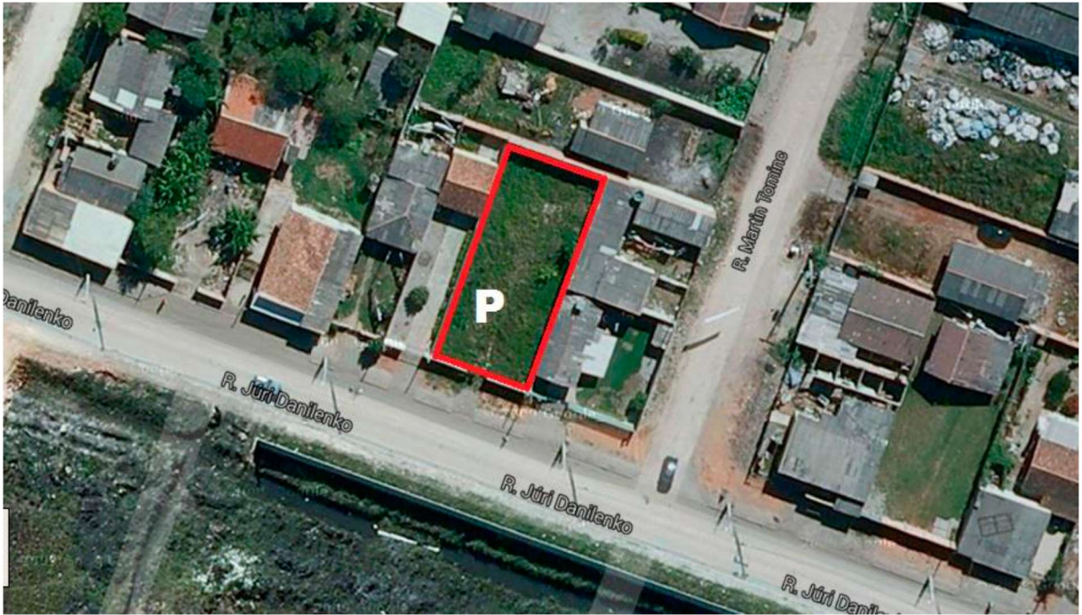
VISTA AÉREA DO IMÓVEL A SER INSTALADO O EMPREENDIMENTO
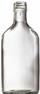
Slika 12. Flask
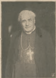
S. p. kardynał Luçon, zmarł w Reims.
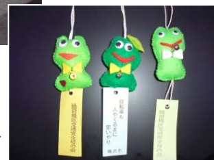
交通安全マスコット →
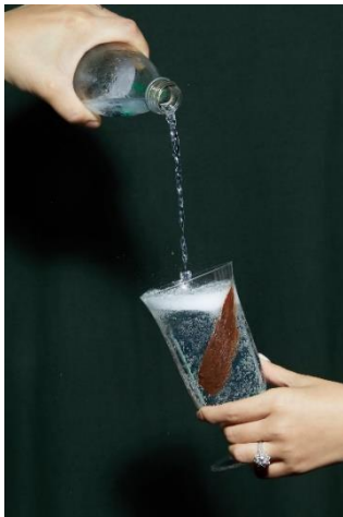
上海鑛舍雞尾酒：上海咖啡嗨棒
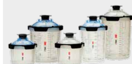
3M™ PPS™ Series 2.0 Spray Cup System Kit Large 850ml, Standard 650ml, Midi 400ml, Mini 200ml
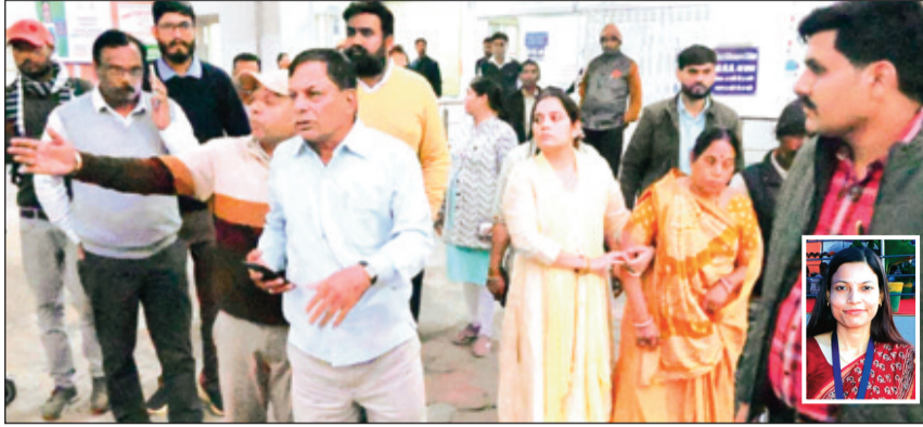
विदिशा। घटना के बाद अस्पताल पहुंचे नायब तहसीलदार के माता-पिता का रो-रोकर बुरा हाल था।

सोमवार सुबह एक दर्दनाक हादसे में एक नायब तहसीलदार की अपने फ्लैट की तीसरी मंजिल से गिरने के कारण मौत हो गई। पुलिस जांच में जुट गई है।
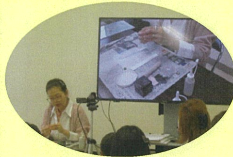
モニターを使って手元もバッチリ
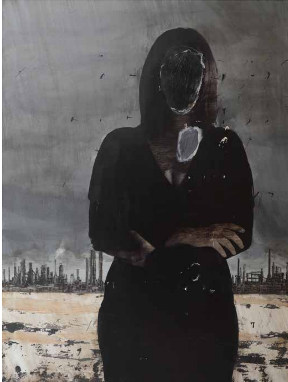
Наследство, 2014, дигитален принт, акрил, молив, платно, 120x90 см Картината се посвещава на бившите работници на Нефтохим. Legacy, 2014, digital print, acrylic, pencil, canvas, 120x90 cm The picture is dedicated to former workers of Neftochim.

++++++++++++++++++++

Write out only the lines from the line containing "モニターを使って手元もバッチリ" through the end of the material above, both end lines included. Pictures are not written out.

◆ ANSWER TO THE EXERCISE
モニターを使って手元もバッチリ
Наследство, 2014, дигитален принт, акрил, молив, платно, 120x90 см Картината се посвещава на бившите работници на Нефтохим. Legacy, 2014, digital print, acrylic, pencil, canvas, 120x90 cm The picture is dedicated to former workers of Neftochim.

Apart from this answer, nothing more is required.